Friday, September 05, 2008

Something to Think About

I got this in an email today. Thought provoking, at least. What do you think?



"We send our children to school at an earlier age than our ancestors did. We provide our children with a minimum of 17 years of formal education (preschool thru college). We spend more income and resources on our children than our ancestors consumed in food and shelter. We provide more organized activities for our children to improve their social skills. Yet, our children take longer to mature / grow up, are more self-centered, and less empathetic towards others.

Today’s typical child is no smarter than a child from 100 years ago or even 200 years ago (although they live much longer). The child may have acquired more knowledge in terms of pure facts but is not capable of performing simple tasks that earlier generations performed without effort or injury.

Generations ago a boy was considered a man when he reached the age of 12, later it was 16, and now today it is 24. Some experts think it is more like 30 after the boy has had some life experiences on his own. In our effort to provide and protect for our children, have we abdicated our responsibility as parents / mentors to provide our children with real meaningful growth? Is not the acquisition of knowledge without real world application just trivia?

If this is evolution, then it would appear that we are headed to a very peaceful, self-serving destruction. Or is this a form of de-evolution? Where as parents, we accept less responsibility for our children and require others to share the burdens of our decisions. Where our children proclaim ignorance of the facts even though they have been schooled in these facts for more than 2 decades.

If as parents, we want our children to mature / grow-up as nature intended it (and not when they feel like it) then should we not also grow-up and accept the responsibility for the gifts that were given to us? If there is to be any hope for our children in this world, should we not set the correct example?

Remember this when you are washing the clothes for your 30 year old son or paying the bills for 30 year old daughter. Remember this when your children won’t help you because they can’t be bothered with your problems or when they put you in a home because it is easier than physically caring for you.

Being a parent may be choice. But once you have made that the choice, it’s a lifetime responsibility. For ever and ever, till the day you expire."

4 comments:

Mirjam said...

Yes, interesting...:o)

We will see what will happen to our boys :oD

Mirjam :o), homeschooling three boys in the Netherlands and trying to catch up with your blogging :o))

Kristin said...

That's hard to argue with. It's a sad commentary on the children and parents of this country. It's funny how worried parents are that their children have "fun" and other "experiences", but they don't teach them how to be a grown-up. Great reminder!

K said...

Very true! This will be something to think about as my husband and I start our family. I think it's really sad how this generation is so self-serving and spoiled. I'm not proud of it.

Michelle said...

Are we abdicating our responsibility, or loosing sight of how far the responsibility goes?
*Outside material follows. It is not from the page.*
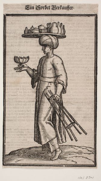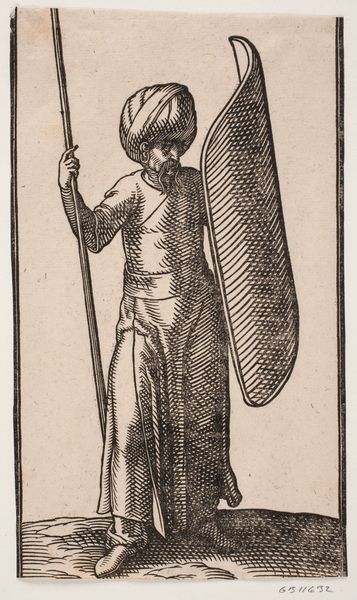 Curator: Look at this striking figure! The piece is entitled "Standing Soldier with Curved Shield" by Melchior Lorck, created in 1582. It’s rendered in ink on paper using the woodcut technique. Editor: There’s something profoundly melancholy about him. The stark lines and contrasts give a very strong and brooding feeling to the portrait. The broken tower suggests ruins or loss. Curator: Absolutely, I see your point. It's fascinating how Lorck, during a time of considerable political and religious upheaval in Europe, used the visual language of military prowess to convey a complex, perhaps even mournful, narrative. He might have been representing shifting geopolitical tensions of the period, especially in Northern Europe. Editor: The symbols speak of more than simple militarism, though. Note the peculiar helmet, the exotic curve of the sword – elements that might identify him as a type rather than a person, maybe as a symbol of the dangers on Europe's borders? Curator: Indeed. The choice of attire and weaponry certainly suggests the artist’s knowledge of non-European military garb. Remember that, at this time, the Ottoman Empire was still a powerful force and source of anxiety for many European nations. The image can be regarded as a representation of Europe's perception of the Other. Editor: The tower or obelisk adds another layer. Ruined, it becomes an emblem of lost glory, of empires and cultures passed. Placed behind the armed figure, we sense time weighing heavily on both man and civilization. The way he stands there almost in wait contributes to that feeling. Curator: Considering the historical context and the prevailing cultural anxieties, Lorck created a powerful emblem. His subject serves as a constant reminder of both vulnerability and resilience. Editor: For me, beyond historical concerns, he embodies something eternal about humanity – always armed, always watchful, always shadowed by the ghosts of the past. Curator: A haunting and very perceptive reflection, which captures the complexity of Lorck's work perfectly. Editor: Yes, it leaves you with plenty to think about.

Yes, it's a shame when a 40 year old won't leave the house, but does this commentary take into account the proportional increases in the costs of living alone? What happens when going away to college to learn how to live on your own becomes financially impossible? When said children totally screw up and rack up so much debt that they want to commit suicide - how would you feel if you practiced that and they went through with it?

I think that these are things to think about, but not necessarily cut and dried.

Wandering emails like the one you have posted often are written from a specific point of view and are designed to elicit certain responses.

What would be the alternative? I'm not willing to bet that anyone who reads you will be willing to ceremonially shove their kids out the door on their 18th birthday. As much as we'd like to say that we would, we probably won't.